Industry, Logistics & Shipping

Masdar, Envyron Energy collaborate on plastic-to-fuel technology

Masdar (Abu Dhabi Future Energy Company) is collaborating with Envyron Energy, a subsidiary of Alliances for Global Sustainability, to advance plastic-to-fuel technology, said a report.

The objective of this collaboration is to explore the further refinement of the plastic derived fuel produced by Envyron to up-cycle it into a transportation grade fuel, and was announced today (January 16) at Abu Dhabi Sustainability Week, reported state news agency Wam.

The largest sustainability gathering in the Middle East, Abu Dhabi Sustainability Week is dedicated to furthering understanding of the major social, economic and environmental trends shaping the world’s sustainable development, and to empowering the global community to realise viable and effective strategies to mitigate climate change.

The partners will also explore ways to further improve the existing technology through research and development programmes as well as pursue commercial-scale projects in the UAE and the Middle East and North Africa (Mena), it said.
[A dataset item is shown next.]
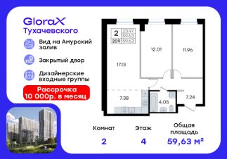Продается 3-комн. квартира на 3-м этаже в квартале GloraX Клубный. GloraX Клубный - уникальный видовой проект с выделяющейся архитектурой в развитом районе Владивостока. Общая площадь лота составляет 64,62 кв. м, из которых 33,68 кв. м отведено под жилую и 20,12 кв. м под кухонную зону. Номер квартиры - 10.Преимущества квартиры:просторная квартира с 3 спальнями и кухней-гостиной, вид на море, угловая, мастер-спальня.Преимущества проекта:• Квартиры с панорамными видами на бухту Патрокл, маяк Басаргина и остров Русский• Планировочные решения под любой жизненный сценарий от 23 до 67 м²• Гардеробные комнаты, увеличенные панорамные окна, просторные кухни-гостиные• Эксклюзивное благоустройство: продуманное зонирование, игровые и спортивные площадки, площадка для стритбола, амфитеатр• Премиальный дизайн входных групп с лаунж-зоной• Безбарьерная среда, закрытая территория, видеонаблюдение• Лапомойки, колясочные и туалеты на первом этаже• Двухуровневый подземный паркинг на 350 машино-мест с лифтом на жилые этажи• Келлеры на цокольном этаже для хранения сезонных вещей с доступом на лифте• Современный ландшафтный дизайн комплекса от DEREVOPARKGloraX Клубный заповедник в черте мегаполиса. Комплекс тщательно продуман для максимального удобства и обеспечения безопасности его жителей. Квартал расположен в одном из самых современных развивающихся районов города: совсем рядом раскинулась живописная бухта Патрокл, где можно прогуляться по облагороженной пешеходной набережной, заглянуть на пляж или в школу серфинга. Комплекс имеет прекрасную транспортную доступность: рядом проходит объездная трасса СеданкаПатрокл, а до центар можно доехать всего за 15 минут.Проект включает 3 монолитных корпуса, каждый из которых спроектирован с акцентом на комфорт, безопасность и современный образ жизни рядом с уникальной природой. Общий двор создает приватную территорию для житей комплекса.В комплексе предусмотрен двухуровневый подземный паркинг на 350 машино-мест с доступом прямо с жилых этажей. Паркинг оборудован современными системами видеонаблюдения, контроля въезда-выезда и пожаротушения. На цокольном этаже размещаются келлеры для хранения сезонных и габаритных вещей. Доступ к кладовым на лифте с жилых этажей. Современный ландшафтный дизайн жилого комплекса GloraX Клубный создан ведущей российской студией DEREVOPARK. Во дворе для детей всех возрастов предусмотрены различные игровые площадки с лазалками, батутами, качелями и песочницей. В центре расположен специальный ''зеленый остров'', где взрослые могут отдохнуть на качелях и гамаках в тени больших деревьев. Для любителей спорта предусмотрены две специальные спортивные площадки для настольного тенниса и стритбола — для зрителей тоже найдется место! А еще на территории комплекса будет дорожка для роллеров и любителей покататься на велосипеде, самокате или скейте.В шаговой доступности располагаются все необходимые объекты социальной

Following the signing of a MoU between Masdar and Envyron in December, a plastic-to-fuel demonstration facility is being established at Masdar City in Abu Dhabi, with the aim of converting the city’s waste plastic into usable fuel and raise awareness of the importance of sustainable waste management.

Sheikha Shamma bint Sultan bin Khalifa Al Nahyan, the prominent sustainability advocate and owner of Alliances for Global Sustainability’s subsidiary, said that it was the UAE’s founder Sheikh Zayed who said that we must leave the land as we found it, or improve it.
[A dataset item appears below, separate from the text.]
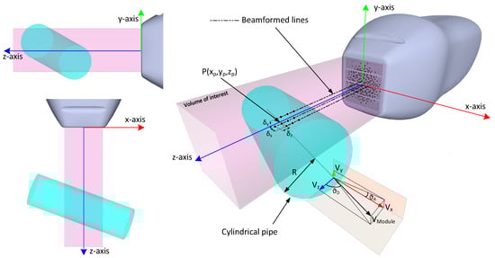 One of the main limitations of this work was using unsteered plane waves, which limited the extension of the investigated region due to the small size of the probe aperture. For example, as seen in the right panel of Figure 6, the paraboloid representative of the velocity module was partially cut off, since only 3.6 mm (about one-half of the pipe diameter) could be investigated along both the x and y axes. A possible alternative to extend the region of interest could be the transmission of diverging waves, although it should be taken into account that they involve a worse signal-to-noise ratio (SNR) [41,42].

She added that the collaboration between Envyron and Masdar in the Year of Zayed pays tribute to his environmental legacy, also establishes a joint investment in the circular economy; reducing the amount of waste in our landfills and locally transforming waste plastic into energy.

Sustainable waste management is also part of the operating culture at Masdar City, which aims to maximise the reuse and recycling of waste construction material and other waste products in its ongoing expansion.

According to the market intelligence provider Euromonitor International, less than half of waste plastic drinking bottles are collected for recycling globally, and only 7 per cent are turned into new bottles. The UAE aims to divert 75 per cent of its solid waste from landfill by 2021, added the report.